Identification of Two Type V Myosins in Fission Yeast, One of Which Functions in Polarized Cell Growth and Moves Rapidly in the Cell

We characterized the novel Schizosaccharomyces pombe genes myo4(+) and myo5(+), both of which encode myosin-V heavy chains. Disruption of myo4 caused a defect in cell growth and led to an abnormal accumulation of secretory vesicles throughout the cytoplasm. The mutant cells were rounder than normal, although the sites for cell polarization were still established. Elongation of the cell ends and completion of septation required more time than in wild-type cells, indicating that Myo4 functions in polarized growth both at the cell ends and during septation. Consistent with this conclusion, Myo4 was localized around the growing cell ends, the medial F-actin ring, and the septum as a cluster of dot structures. In living cells, the dots of green fluorescent protein-tagged Myo4 moved rapidly around these regions. The localization and movement of Myo4 were dependent on both F-actin cables and its motor activity but seemed to be independent of microtubules. Moreover, the motor activity of Myo4 was essential for its function. These results suggest that Myo4 is involved in polarized cell growth by moving with a secretory vesicle along the F-actin cables around the sites for polarization. In contrast, the phenotype of myo5 null cells was indistinguishable from that of wild-type cells. This and other data suggest that Myo5 has a role distinct from that of Myo4.
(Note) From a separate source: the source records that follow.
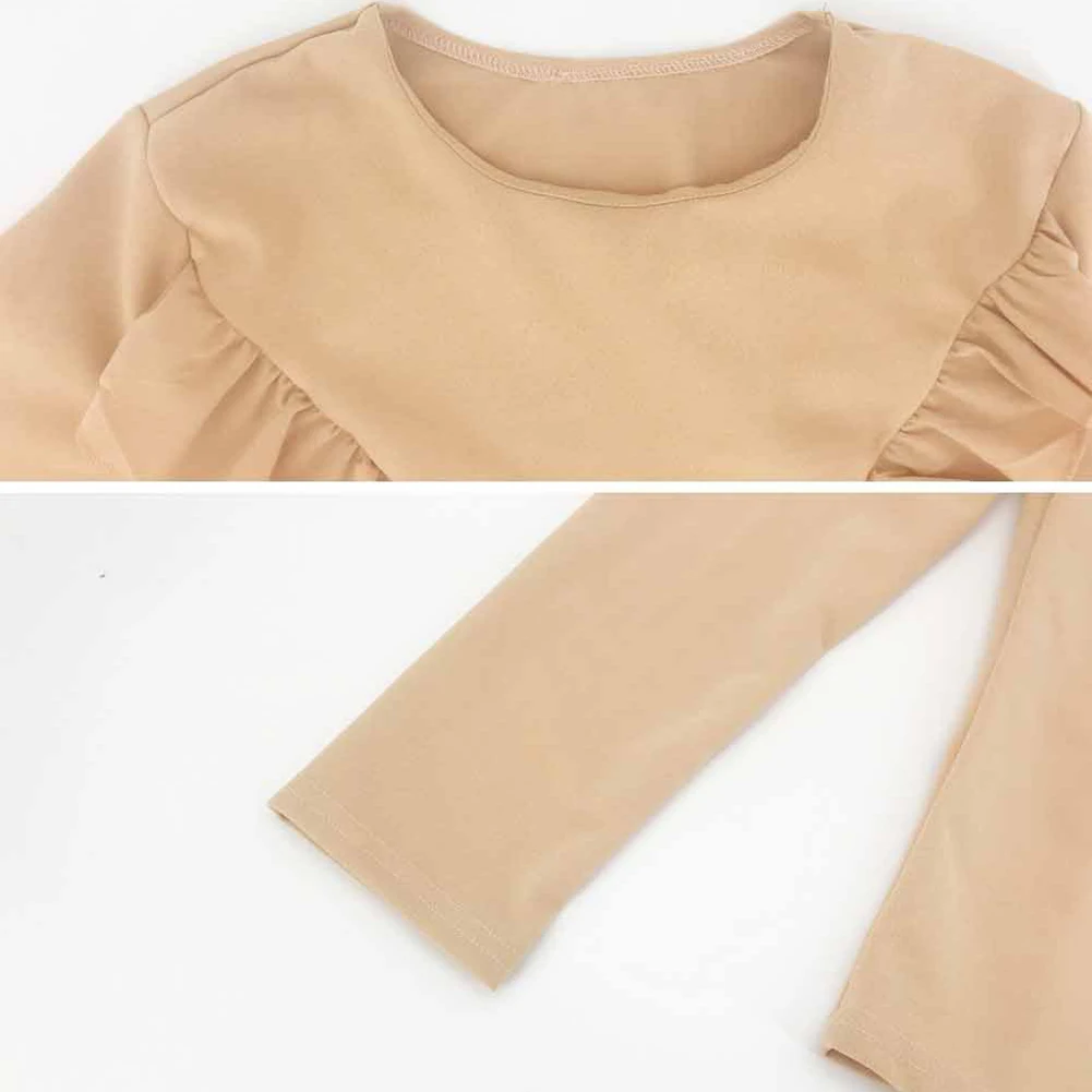Women Casual Solid Color O Neck Long Sleeve Stitching Ruffled Hem Slim Blouse
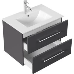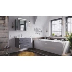 Das 3-teilige Posseik Badmöbel-Set Homeline überzeugt durch das moderne und edle Design in glänzendem Anthrazit. Die matt gebürsteten Edelstahl-Griffe runden das schöne Gesamtbild optimal ab. Mit diesen Badmöbeln sorgen Sie für ein absolutes Highlight in Ihrem Bad. Das Set verbindet gekonnt dezente Eleganz mit praktischen Eigenschaften. Für ein bemerkenswertes Qualitätsmerkmal sprechen die weichen abgerundeten Kanten und Ecken sowie das Soft-Close-System, wodurch das geräuschlose Schließen der Schubladen und Türen garantiert wird.
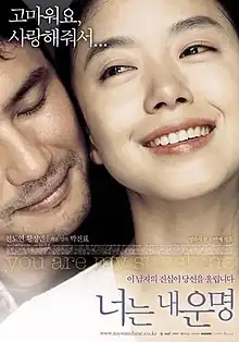 You Are My Sunshine (Korean: 너는 내 운명; RR: Neoneun nae unmyeong, literally: "You are my destiny") is a 2005 South Korean film written and directed by Park Jin-pyo, and starring Jeon Do-yeon and Hwang Jung-min.[1][2][3][4][5][6] It was released in Korea on 23 September 2005.[7]
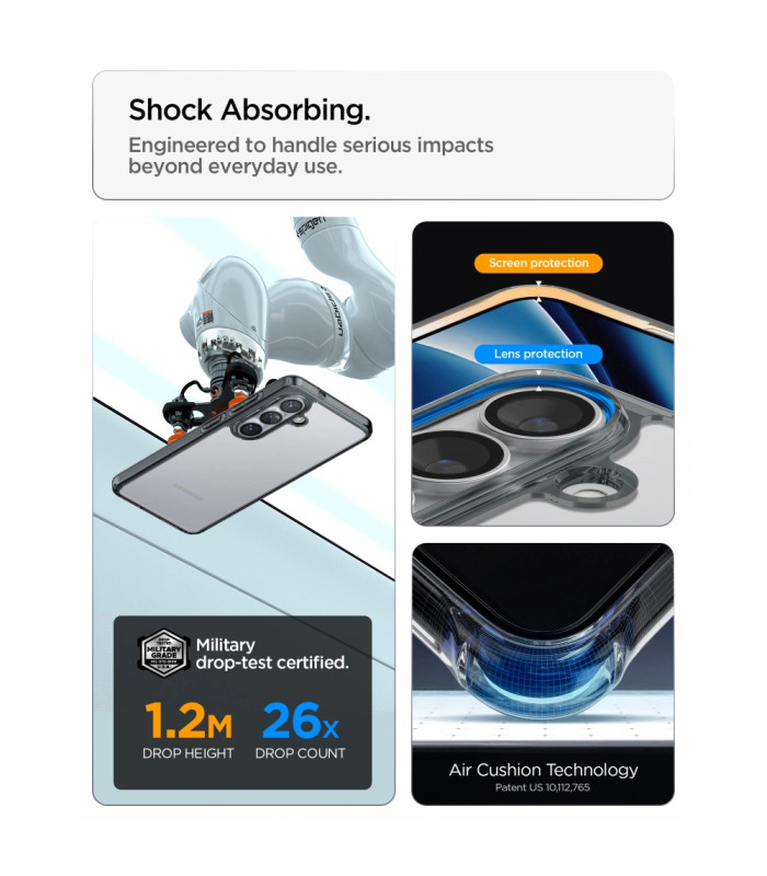 Su šiuo dėklu buvo atlikti karinės klasės bandymai, kuris gavo MIL-STD 810G-516,6 sertifikatą.
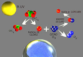 Los clorofluorocarbonos (CFC) son un grupo de compuestos químicos fabricados que contienen cloro, flúor y carbono. Este grupo incluye los siguientes: CFC-11, CFC-12, CFC-113, CFC-114, CFC-115 y muchas formas de freón. Son incoloros, inodoros, inocuos, incombustibles y estables cuando se emiten. Después de la emisión y al llegar a la estratosfera, se dividen y liberan átomos de cloro, que destruyen la capa de ozono del planeta. Los CFC pueden durar más de cien años en la estratosfera. Puesto que destruyen la capa de ozono, se ha prohibido su producción, ahora solo pueden usarse, en forma limitada, los CFC reciclados y almacenados.
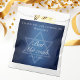 Bellos tonos profundos de azul oscuro crean una textura como el agua en estos personalizados formales del partido Bat Mitzvah favorece las bolsas. Elegante guión minimalista blanco con el nombre de su hija en la sutil Estrella de David para una celebración judía.
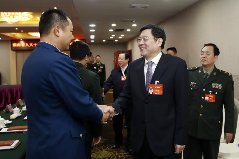1月27日上午,省委书记、省人大常委会主任杜家毫,省委副书记、省长许达哲来到解放军代表团驻地,亲切看望了出席省十三届人大一次会议的解放军代表团全体代表。杜家毫强调,要全面贯彻落实习近平强军思想,进一步加强军地合作,加快推进军民融合深度发展,奋力开创强军兴湘新局面。
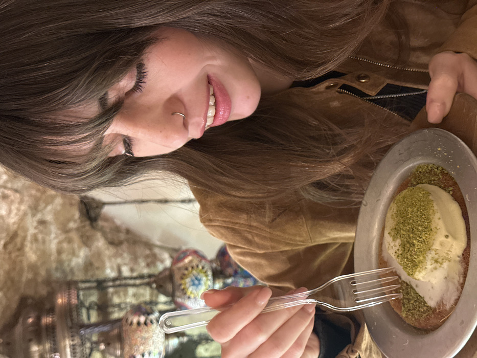 A woman smiles at the camera, holding a plate of dessert, possibly künefe, topped with cream and pistachios. She is using a clear plastic fork. She wears a brown jacket, and her brown hair is styled with bangs. In the blurred background, there are ornate lanterns and what appears to be décor in a Middle Eastern style. The image is taken from a slightly angled perspective, creating a casual, personal feel.
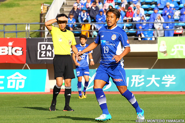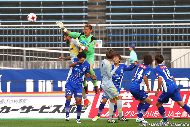 セットプレーでの高い得点力を誇るV・ファーレン長崎に対し、モンテディオ山形の選手たちは児玉剛選手を中心に集中して守ります。
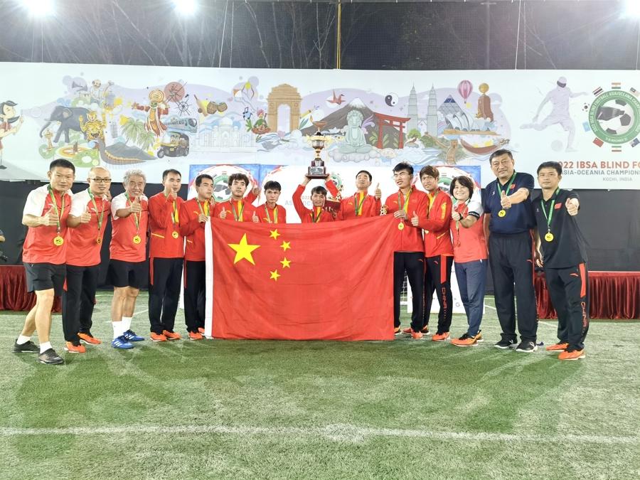 2022年,李進(左二)隨隊獲得盲足亞錦賽冠軍,中國男子盲足隊得以晉級巴黎殘奧會(受訪者供圖)
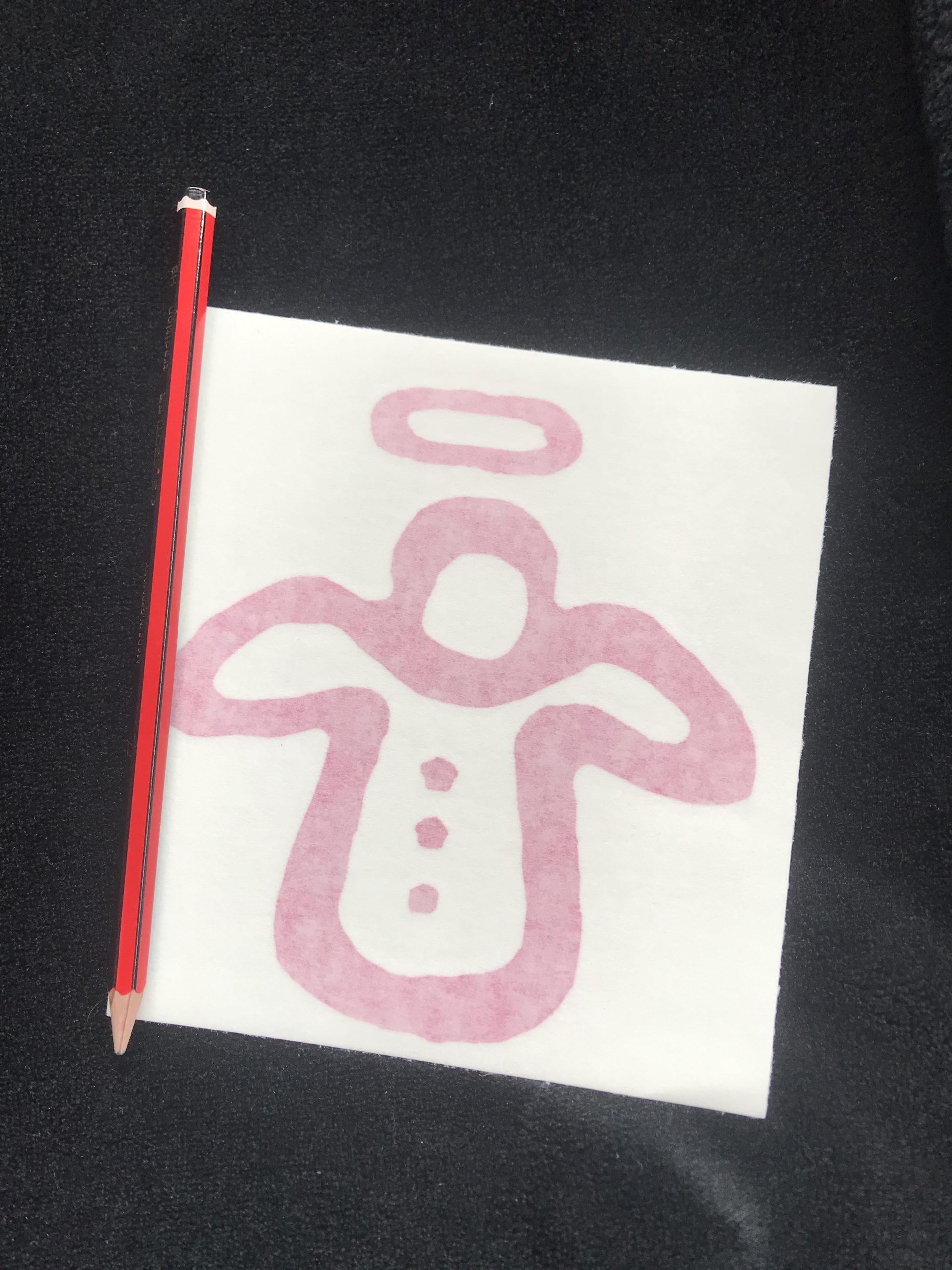 Just peel the glossy card gently from the back, leaving the pink angel vinyl stuck to the sticky paper.
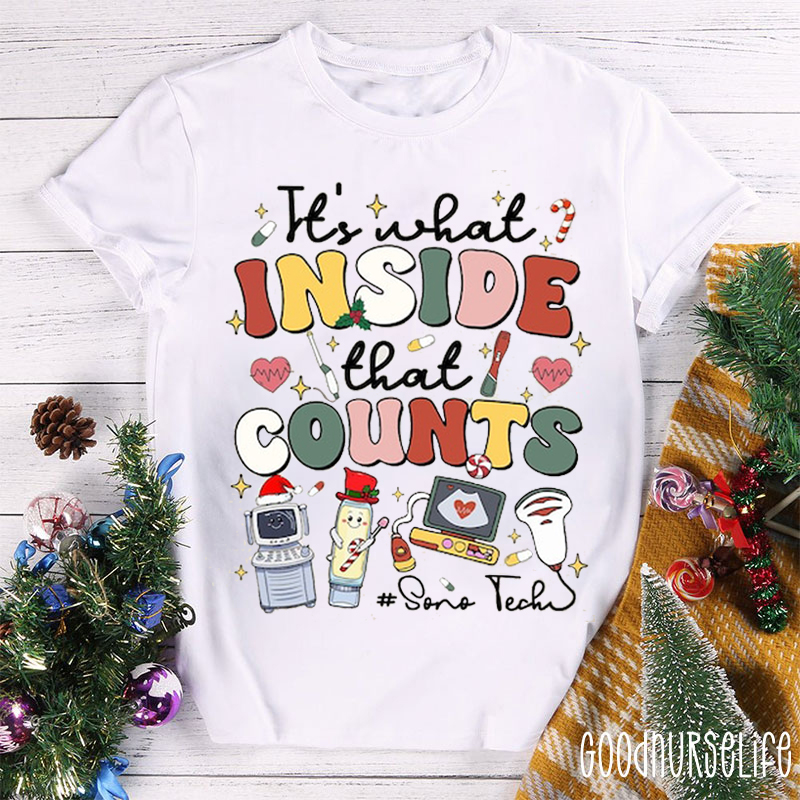 It's What Inside That Counts Sono Tech Nurse Christmas T-Shirt

我们对新型裂殖酵母（Schizosaccharomyces pombe）的myo4(+)与myo5(+)基因进行了系统表征，二者均编码肌球蛋白V重链（myosin-V heavy chains）。myo4基因的功能缺失会导致细胞生长缺陷，并引发分泌囊泡（secretory vesicles）在整个细胞质内异常聚集。尽管细胞极化（cell polarization）位点仍可正常形成，但突变体细胞较野生型更为圆润。细胞末端伸长与隔膜形成（septation）的完成所需时间均长于野生型细胞，这表明Myo4在细胞末端极化生长及隔膜形成过程中均发挥功能。与该结论相符的是，Myo4以点状簇结构的形式定位于正在生长的细胞末端、内侧F-肌动蛋白环（F-actin ring）以及隔膜区域。在活体细胞中，经绿色荧光蛋白（green fluorescent protein，GFP）标记的Myo4点状结构可在上述区域快速移动。Myo4的定位与移动依赖于F-肌动蛋白丝束（F-actin cables）及其马达活性（motor activity），但似乎与微管（microtubules）无关。此外，Myo4的马达活性对其功能行使至关重要。上述结果提示，Myo4可通过与分泌囊泡一同沿极化位点周围的F-肌动蛋白丝束移动，参与细胞的极化生长过程。与之相反，myo5基因敲除细胞的表型与野生型细胞无显著差异。结合其他实验数据可知，Myo5的功能与Myo4存在显著差异。